- _What you should do_: Only the pictures are to be omitted; everything else in the listing must be reproduced exactly.

#####

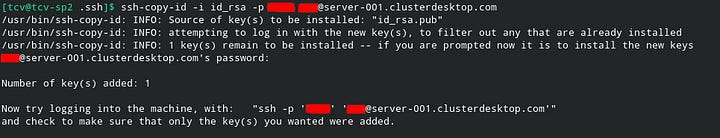 [ user@hostname ]$ ssh-copy -i id_rsa -p <port> <user>@<ssh_server>
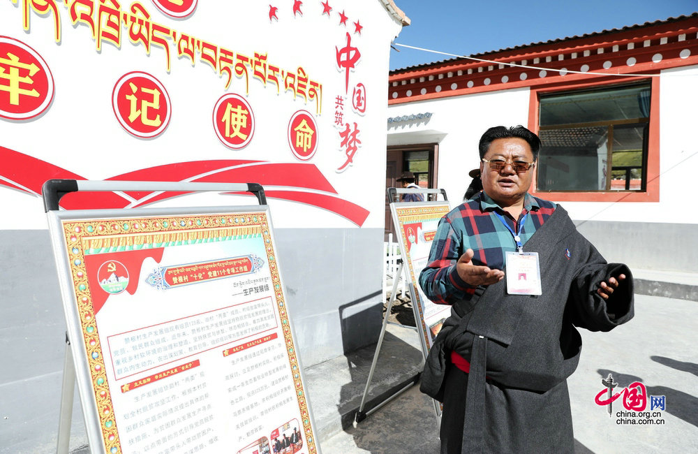 瑪沁縣拉加鎮(zhèn)贊根村的工作人員介紹專項(xiàng)工作組的情況。攝影:孫磊
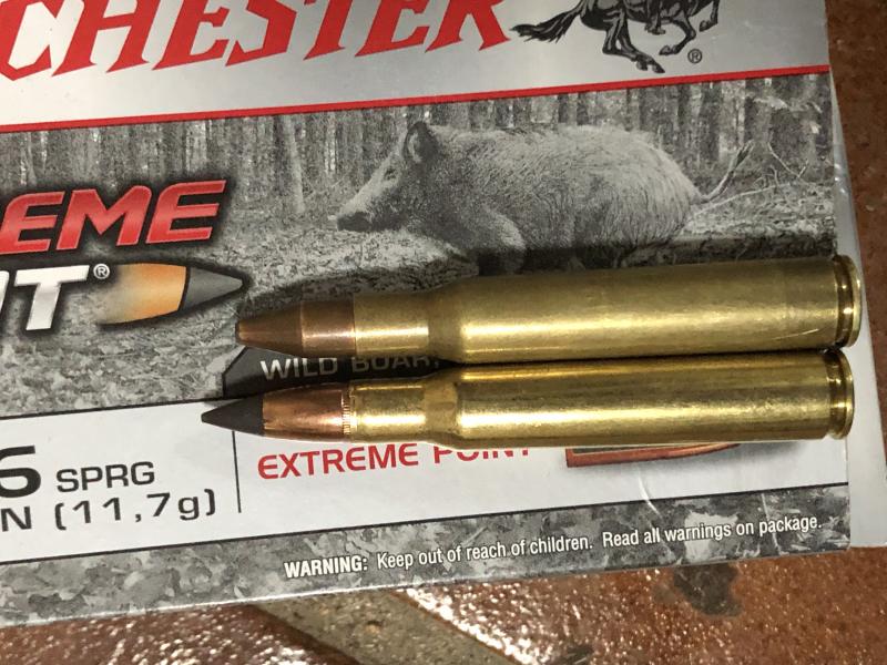 Ahora estoy a la espera de probar las winchester extremepoint de 180gr que tienen una pinta estupenda, pero parece que a los jabalíes se los ha tragado la tierra por mi zona.
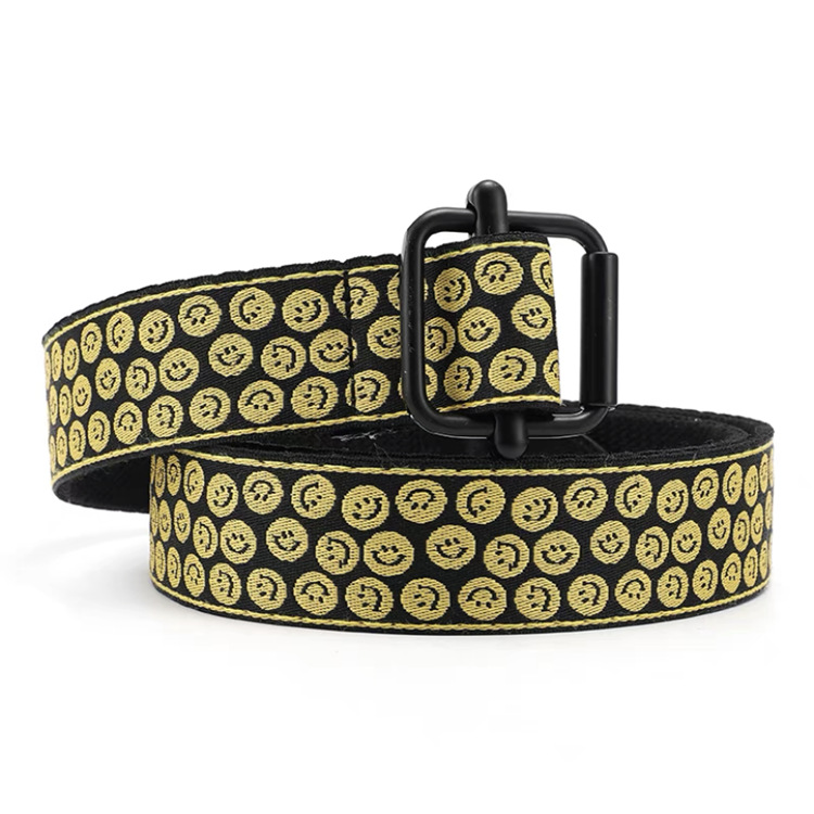 WASSUP 천 벨트 가죽 가을 겨울 바지 벨트 브레이드 스마일리 페이스 디자인 창의적인 무공 구멍 없는 캔버스 트렌디 브랜드 벨트 직판매스토어 가기
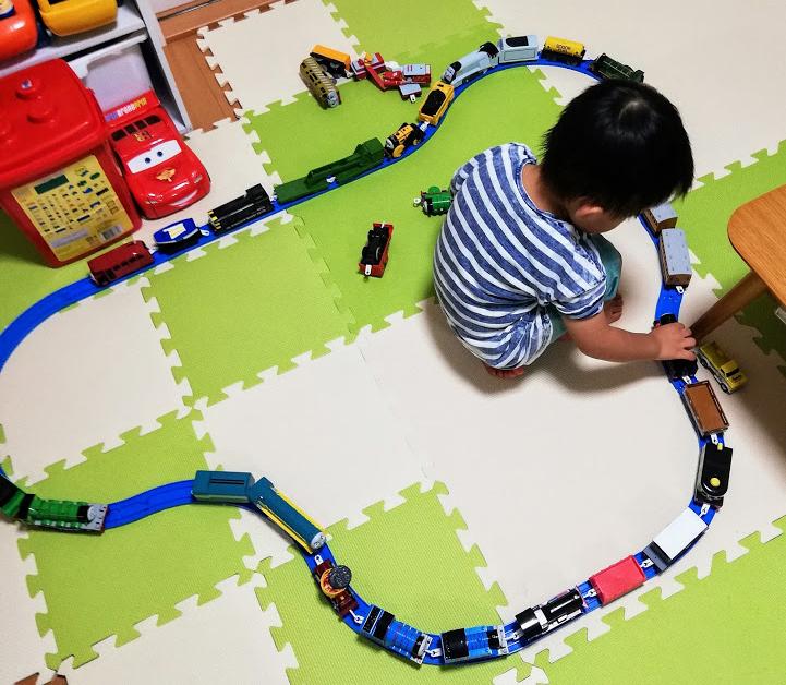 2歳前からトーマスにハマり、新幹線などの鉄道も大好きでプラレール(もらいもの)に夢中。
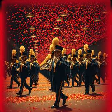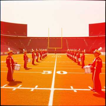 Two separate 90 second marching band drumline cadences separated by a four count marching snare hard count, then another four count separating the cadences from a triumphant, flamboyant college marching band style fight song
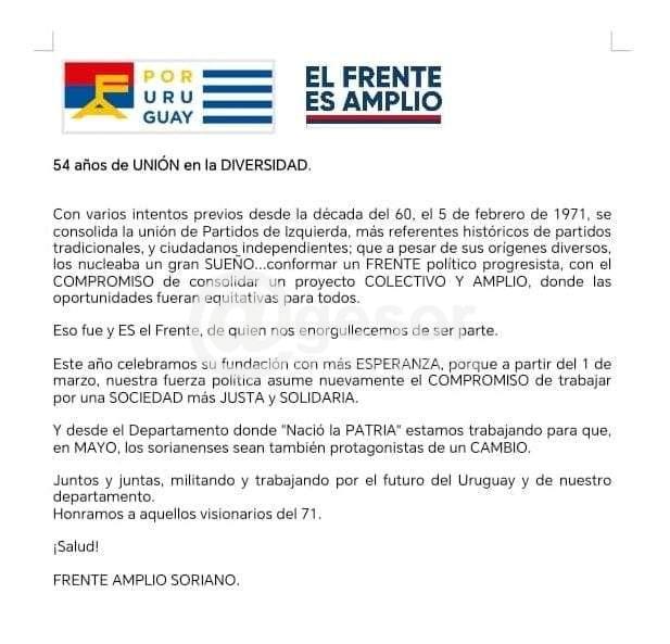 Con varios intentos previos desde la década del 60, el 5 de febrero de 1971, se consolida la unión de Partidos de Izquierda, más referentes históricos de partidos tradicionales, y ciudadanos independientes; que a pesar de sus orígenes diversos, los nucleaba un gran SUEÑO...conformar un FRENTE político progresista, con el COMPROMISO de consolidar un proyecto COLECTIVO Y AMPLIO, donde las oportunidades fueran equitativas para todos.
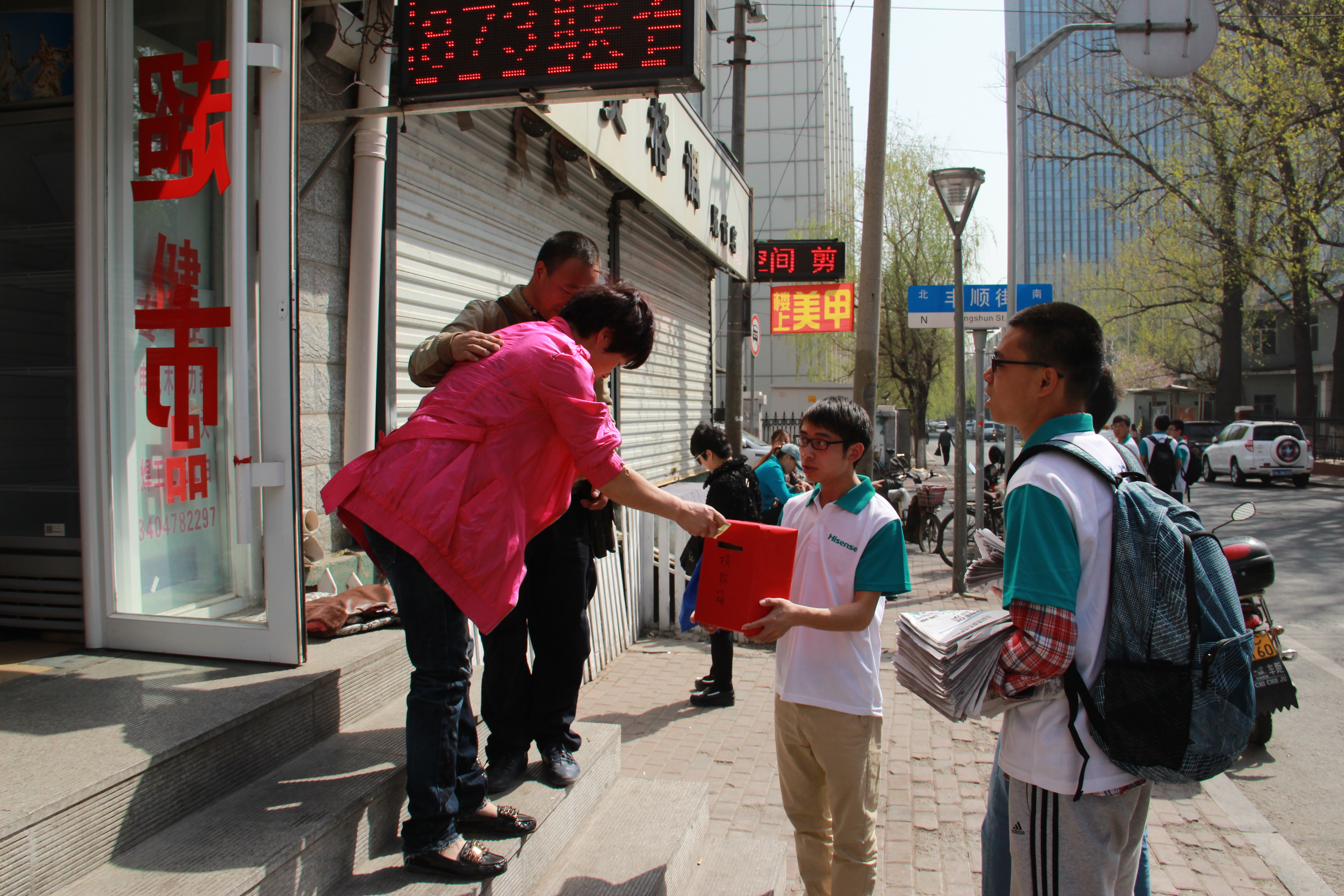 081402班在学院团委的支持下,于4月26日组织全班同学在桂林路义卖报纸,为吉林大学“育苗”支教募集善款。
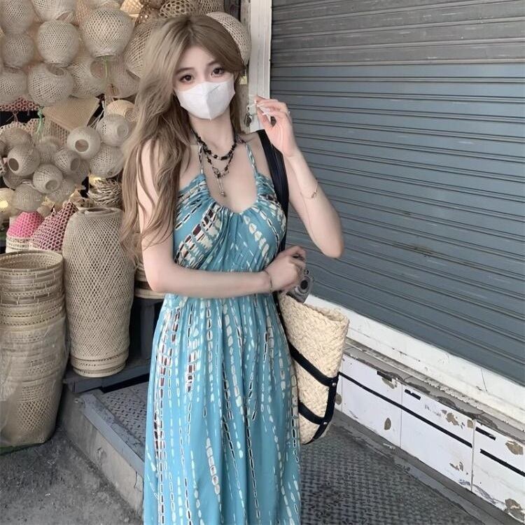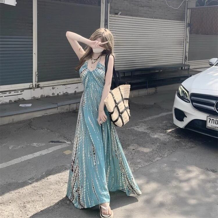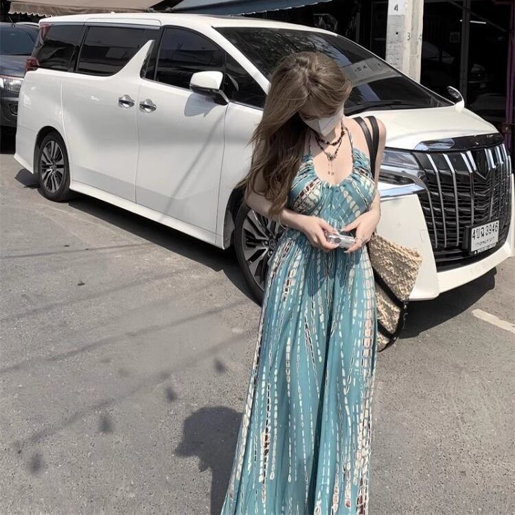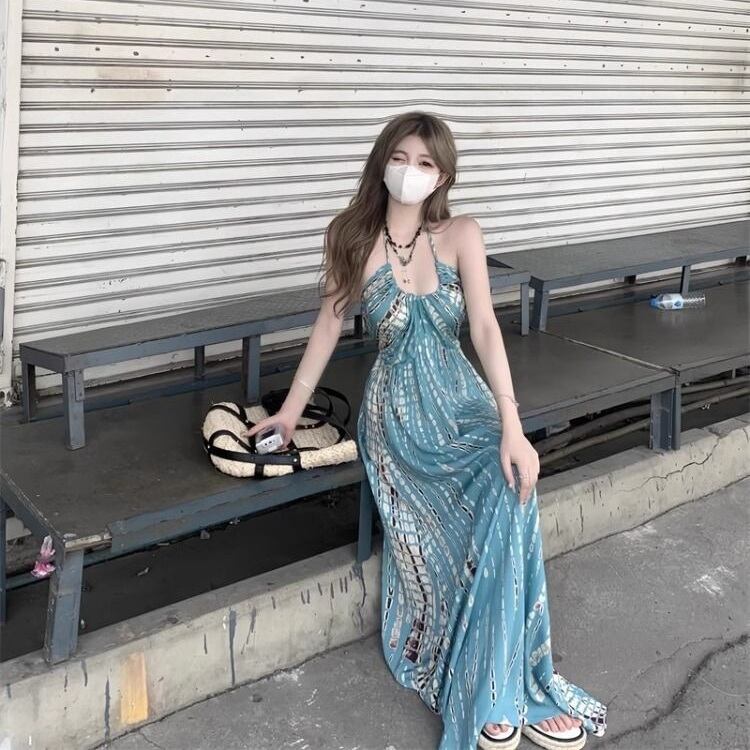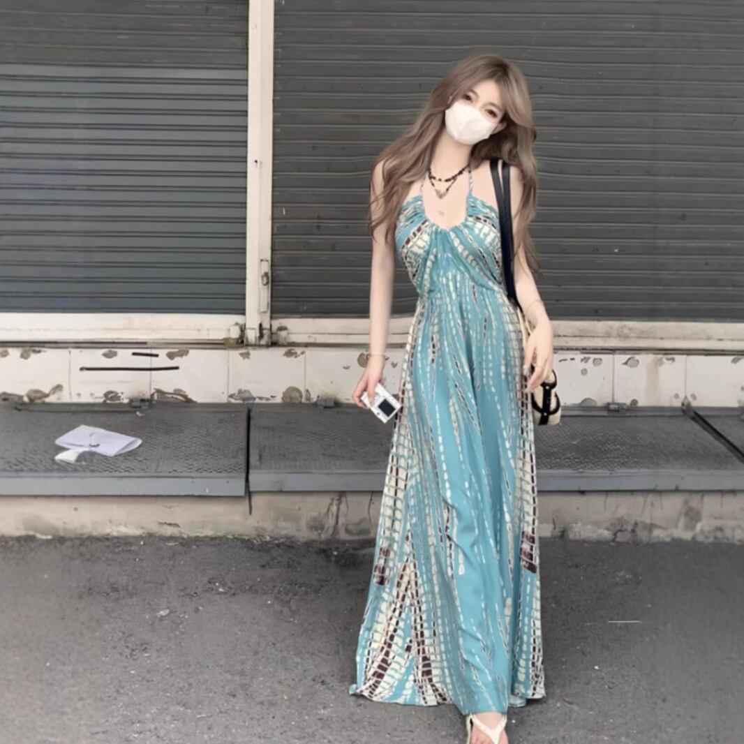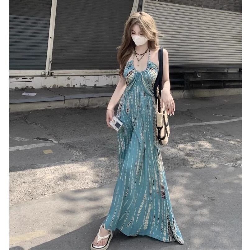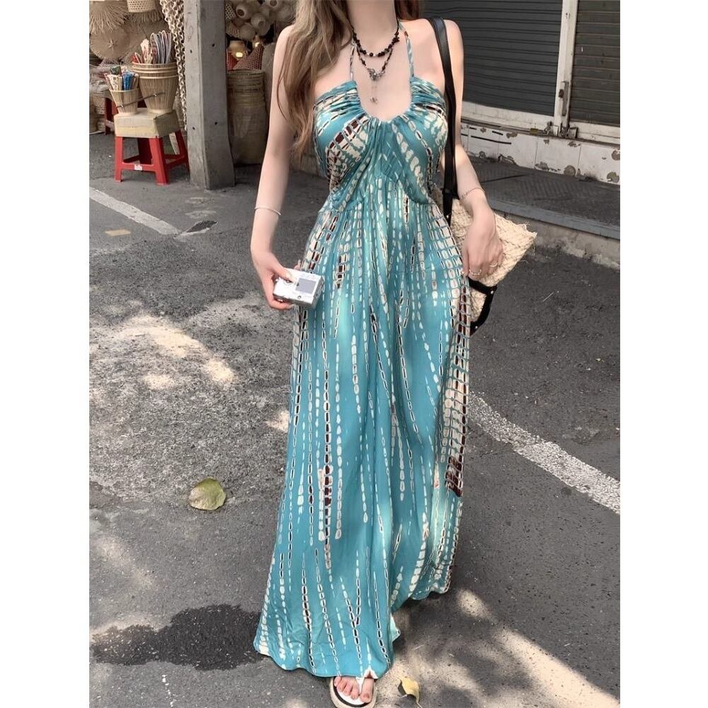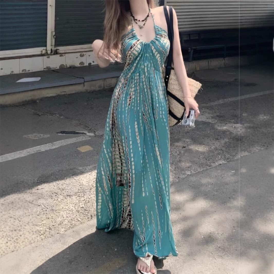 ターコイズのボヘミアンプリントとホルターネックがポイントのキャミソールタイプのマキシワンピースです。細部まで美しいデザインとハイセンスなターコイズのタイダイプリントで、エレガントな雰囲気に仕上がります。真夏のイベントや、リゾートでのバカンスにもぴったりのワンピースです。
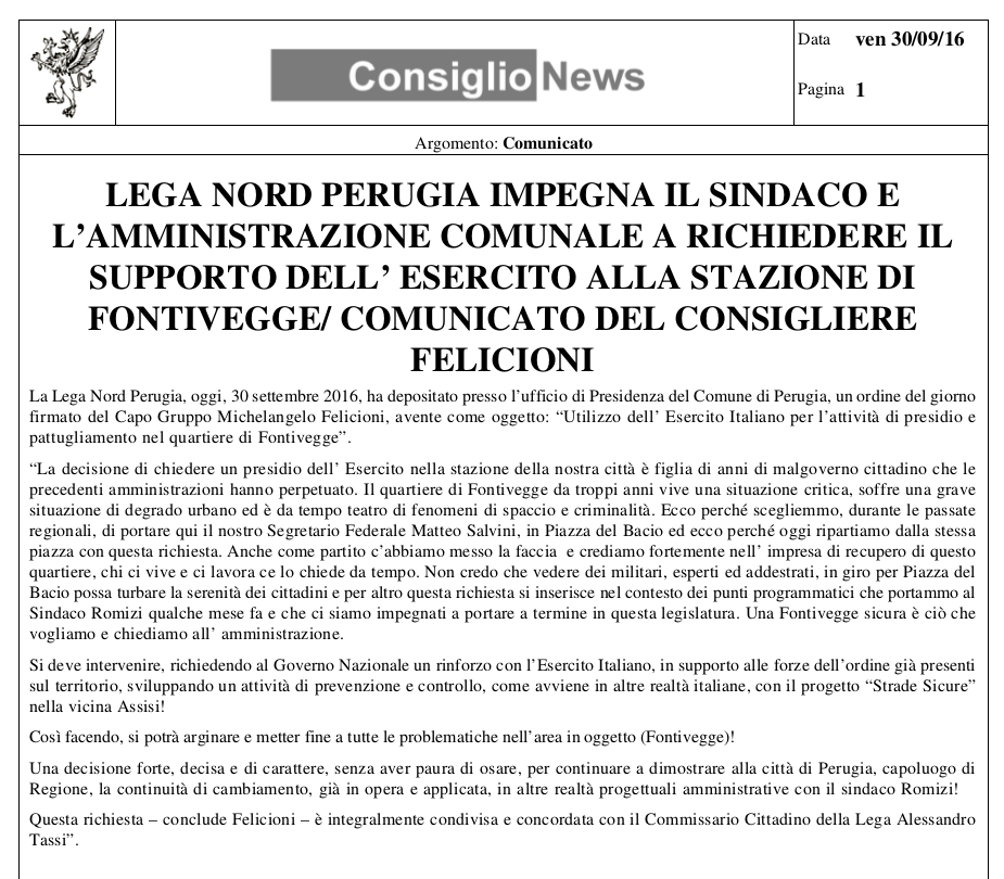 La Lega Nord e Fontivegge Perugia, l’esercito? Ma… da Giampiero Tamburi PERUGIA – L’Esercito per Fontivegge… … come per Bosnia Erzegovina, Iraq, Libano, Kosovo, Afganistan, Somalia, Libia; tanto per citare le più recenti e conosciute! Presentando l’ordine del giorno che chiede di utilizzare l’Esercito come presidio e pattugliamento, per il quartiere di Perugia, il capogruppo del partito che rappresenta in Comune la Lega Nord, si assume, nei confronti della città, naturalmente se dovesse essere messo in atto un tale provvedimento (cosa che non credo assolutamente), una responsabilità non indifferente, sia di ordine morale, politica che civile.

#####

- _Finished task_:
 [ user@hostname ]$ ssh-copy -i id_rsa -p <port> <user>@<ssh_server>
 瑪沁縣拉加鎮(zhèn)贊根村的工作人員介紹專項(xiàng)工作組的情況。攝影:孫磊
 Ahora estoy a la espera de probar las winchester extremepoint de 180gr que tienen una pinta estupenda, pero parece que a los jabalíes se los ha tragado la tierra por mi zona.
 WASSUP 천 벨트 가죽 가을 겨울 바지 벨트 브레이드 스마일리 페이스 디자인 창의적인 무공 구멍 없는 캔버스 트렌디 브랜드 벨트 직판매스토어 가기
 2歳前からトーマスにハマり、新幹線などの鉄道も大好きでプラレール(もらいもの)に夢中。
 Two separate 90 second marching band drumline cadences separated by a four count marching snare hard count, then another four count separating the cadences from a triumphant, flamboyant college marching band style fight song
 Con varios intentos previos desde la década del 60, el 5 de febrero de 1971, se consolida la unión de Partidos de Izquierda, más referentes históricos de partidos tradicionales, y ciudadanos independientes; que a pesar de sus orígenes diversos, los nucleaba un gran SUEÑO...conformar un FRENTE político progresista, con el COMPROMISO de consolidar un proyecto COLECTIVO Y AMPLIO, donde las oportunidades fueran equitativas para todos.
 081402班在学院团委的支持下,于4月26日组织全班同学在桂林路义卖报纸,为吉林大学“育苗”支教募集善款。
 ターコイズのボヘミアンプリントとホルターネックがポイントのキャミソールタイプのマキシワンピースです。細部まで美しいデザインとハイセンスなターコイズのタイダイプリントで、エレガントな雰囲気に仕上がります。真夏のイベントや、リゾートでのバカンスにもぴったりのワンピースです。
 La Lega Nord e Fontivegge Perugia, l’esercito? Ma… da Giampiero Tamburi PERUGIA – L’Esercito per Fontivegge… … come per Bosnia Erzegovina, Iraq, Libano, Kosovo, Afganistan, Somalia, Libia; tanto per citare le più recenti e conosciute! Presentando l’ordine del giorno che chiede di utilizzare l’Esercito come presidio e pattugliamento, per il quartiere di Perugia, il capogruppo del partito che rappresenta in Comune la Lega Nord, si assume, nei confronti della città, naturalmente se dovesse essere messo in atto un tale provvedimento (cosa che non credo assolutamente), una responsabilità non indifferente, sia di ordine morale, politica che civile.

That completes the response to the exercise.